I also spent a good 20-25 minutes “pumping up.” I estimate around 500 push-ups and 100 pull-ups to get the physique looking good and the abs popping.
The slight dehydration, the small amount of food, and the nice pump gave me a very aesthetic look for the pictures.
7. The pictures were then filtered and touched up.
Lighting and angles are everything. Cuts appear deeper, muscles appear fuller, and the physique starts to “pop” under the right lens.
My photographer didn’t “Justin Bieber” these pictures – they are totally me, we didn’t go that far. At the same time, we did everything under our control to take care of variables which would give us the best possible end product.
When all of these items were combined, the pictures ended up looking really damn good.
There’s a reason they call “photoshoot ready” – “photoshoot ready,” and not “my condition all the time.”
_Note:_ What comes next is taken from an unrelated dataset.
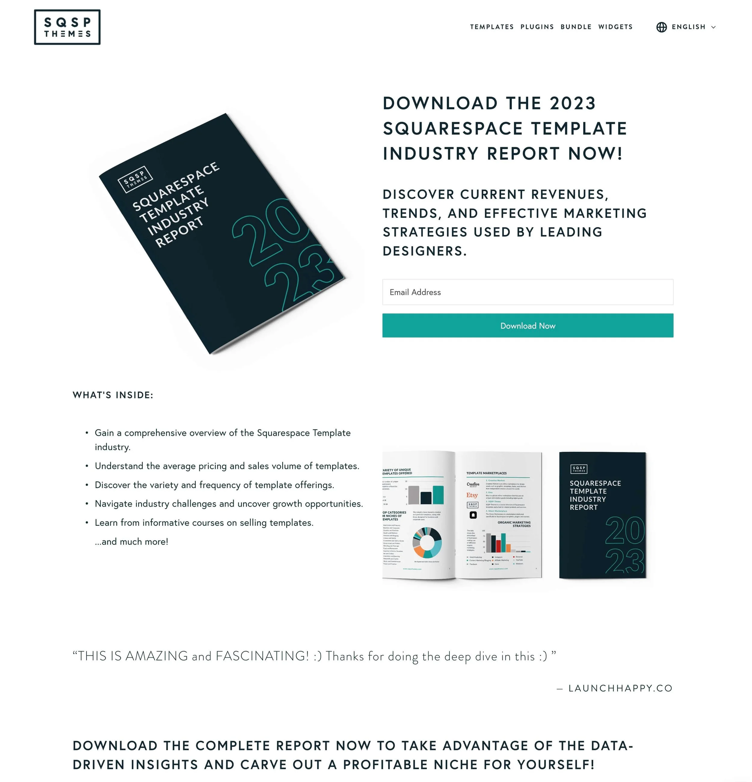 Katelyn: Yeah. I think, was it Omari of SQSP Themes that just did the industry [web design templates] report. That was so fascinating for that. If you're curious about the numbers, I'll try to remember to link that report below. But it's really fascinating to see, like, what the price ranges are, how long it took them to scale... So if you want to know, like, the backside of what this passive income business typically looks like, that's a really good, insightful thing to look at.

While the look in photoshoots is attainable – if only for a brief moment in time – it’s not maintainable 24/7. Not only did my condition take 8 months’ worth of extreme dedication to accomplish it, I had to dehydrate myself and eat next to nothing for 24 hours in order to dry out and an hour to pump back up. The actual condition I was in during the exact moments the pictures were taken is a fabrication. You can’t look like that full time – at least not if you want to be healthy.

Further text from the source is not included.